Он перевёл дух. «Мы увлеклись, пора заняться делом. Где у вас эта… ну, эта… Живо, время не ждёт».
Лампа опять коптила. Ченцов сказал, что он обещал вернуться в отделение не позже одиннадцати. «Они, знаете ли, за мной следят, а сейчас надо быть особенно осторожным… не возбуждать подозрений. Сейчас я вам покажу, как это делается; пустяк; ловкость рук, никто даже не заметит».

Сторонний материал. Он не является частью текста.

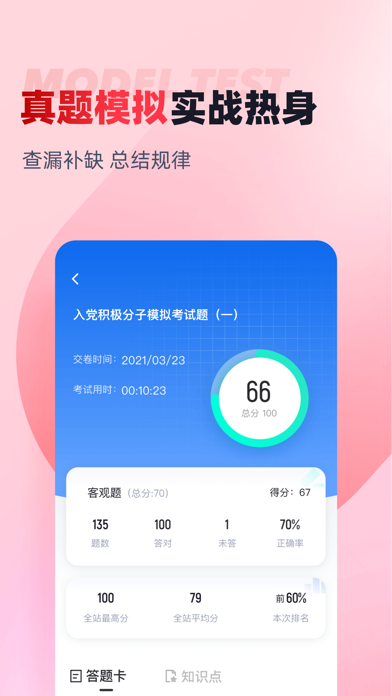 入党积极分子考试聚题库——专业备考 系统学习 助力思想理论提升 备战入党积极分子培训结业考试?入党积极分子考试聚题库是您专业可靠的学习助手。我们提供权威精准的学习资源,助您系统掌握党的理论知识,全面提升政治素养。 真题模拟实战演练 应用内精选汇集各地培训考试真题及高质量模拟试卷,严格依据最新培训大纲精心编写。通过模拟考试功能,您可体验真实考场环境,进行全真限时测试。考试结束后,系统即时生成详细分析报告,清晰展示您在党的基本知识、党史、党章、时事政策等各模块的掌握情况。智能评估系统精准定位知识薄弱环节,帮助您明确学习重点和改进方向。 系统化知识点练习 我们依据培训要求将知识点科学分类,涵盖党的基本理论、党史重要事件、党章基本内容、党的纪律处分条例、最新时事政策、中国特色社会主义理论等核心内容。每个知识点模块都配有专项练习题和详细解析,帮助您深入理解党的理论知识。您可以根据学习进度选择对应章节练习,巩固理论基础,掌握重点难点。 入党积极分子考试聚题库集权威真题模拟与系统知识点练习于一体,设计科学,操作便捷。通过反复的学习训练,帮助您夯实理论基础,提升政治素养。应用内容持续更新,紧跟最新理论发展和政策要求,是您备考复习、查漏补缺、提升通过率的专业工具。立即下载应用,开启系统学习之旅,为成为一名合格的入党积极分子奠定坚实基础。优化已知问题 更新最新题库

«Сейчас мы это быстренько, комар носа не подточит… — бормотал он. — Что такое бумажка? Фикция, формальность. Бумажка не может управлять судьбой человека. От какой-то ничтожной пометки, от закорючки, от того, что кто-то когда-то написал одну цифру вместо другой, зависит вся жизнь… От этой идиотской цифры зависит, зачахнет ли смелый, талантливый молодой человек в глуши, в мещанском болоте, или перед ним откроется дорога в столицу! Ну что ж, коли мы живём в таком мире — можно найти выход. Нет таких крепостей, хе-хе, которых не могут взять большевики, как сказал товарищ Сталин. Подумаешь, важное дело. Был малолеткой, теперь станет взрослым. Дайте-ка мне… Отлично; теперь заглянем в стол; тут у Зоеньки должна быть, во-первых, бритвочка…»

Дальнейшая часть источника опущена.